PSQI: Pittsburgh Sleep Quality Index. S. latency: Sleep Latency. LMM: Linear Mixed Model. SD: standard deviation. d: Cohen’s d effect size.

Table 2. Sleep variables extracted from the PSQI.

Figure 1. Comparison of the recommended time in bed between baseline and pandemic year. The bars indicate the percentage of the sample (n=259).

The napping behavior changed during pandemic year: the frequency of nappers decreased during pandemic compared to the baseline year (p<0.001, d=0.85; Figure 2).
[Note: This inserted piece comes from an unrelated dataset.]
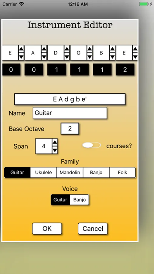 Chord Calculus Lite is a limited version of Chord Calculus, a tool for players of fretted instruments. ChordCalculus will allow the user to choose from a large number of pre-defined fretted instruments in a variety of tunings. Additionally, the user can define new instruments and/or tunings. Single or multiple capos can be added.
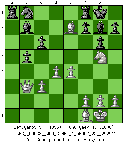 Last move : 1-0 2018 March 30 6:41:18 [Event "FICGS__CHESS__WCH_STAGE_1_GROUP_03__000019"] [Site "FICGS"] [Date "2018.03.02"] [Round "1"] [White "Zemlyanov,Sergey"] [Black "Churyaev,Alexey"] [Result "1-0"] [WhiteElo "1356"] [BlackElo "1800"] 1.d4 Nf6 2.c4 g6 3.Nc3 d5 4.cxd5 Nxd5 5.e4 Nxc3 6.bxc3 c6 7.Nf3 Bg7 8.Be2 Qa5 9.Qb3 b5 10.a4 a6 11.O-O Bb7 12.axb5 Qxa1 13.Ng5 O-O 14.Ba3 Qxf1+ 15.Bxf1 axb5 16.Bxe7 1-0 King's Indian defense, 3.Nc3 Kingside Castling by player White (move 11) Kingside Castling by player Black (move 13) Player White won this chess game. Follow this game move after move (download)The passed pawn is a criminal, who should be kept under lock and key. Mild measures, such as police surveillance, are not sufficient. (Nimzovitch) Smyslow ist ein Beweis dafür, dass ich noch zehn Jahre spielen kann! [der 75 jährige über den 85 jährigen] (Viktor Kortschnoi) Bobby es la celebridad menos entendida y malinterpretada que camina el la faz de esta tierra. (Yasser Seirawan) Mon pion favori sur ma case favorite ! Bronstein en parlant d'un coup de pion en h5 quand il avait les Noirs. Information on the Internet is subject to the same rules and regulations as conversation at a bar. (George Lundberg)

Figure 2. The percentage of adolescents that reported naps during weekdays (n=259).

DISCUSSION

This work contributed to understanding the magnitude of changes during the COVID-19 outbreak in sleep and napping habits among adolescents. The pandemic year played a key role in increasing TIB and the frequency of students reporting enough sleep duration. We found a reduction in both daytime sleepiness scored by PDSS and sleepiness in remote classes (compared to the sleepiness in the classroom before the pandemic year). A greater tendency toward eveningness together with reduction in the frequency of naps was found during the COVID-19 outbreak.

Recently, Liu et al. (2019)³⁷ found benefts from the pandemic period to sleep health in preschoolers. Data collected during the COVID-19 lockdown in China (February 2020) showed later bedtimes and wake times, longer sleep duration, and shorter duration of naps, compared to the sample screened in 2018³⁷. The sample was composed of children aged 4-6 years demonstrating that changes during the outbreak perceived in our adolescent sample could be extended to children’s sample. Furthermore, the sleep extension perceived in children and adolescents during lockdown is in line with previous studies that have found longer sleep duration during non-school days (e.g., holidays and vacation time)^{37, 38, 39, 40, 41, 42}.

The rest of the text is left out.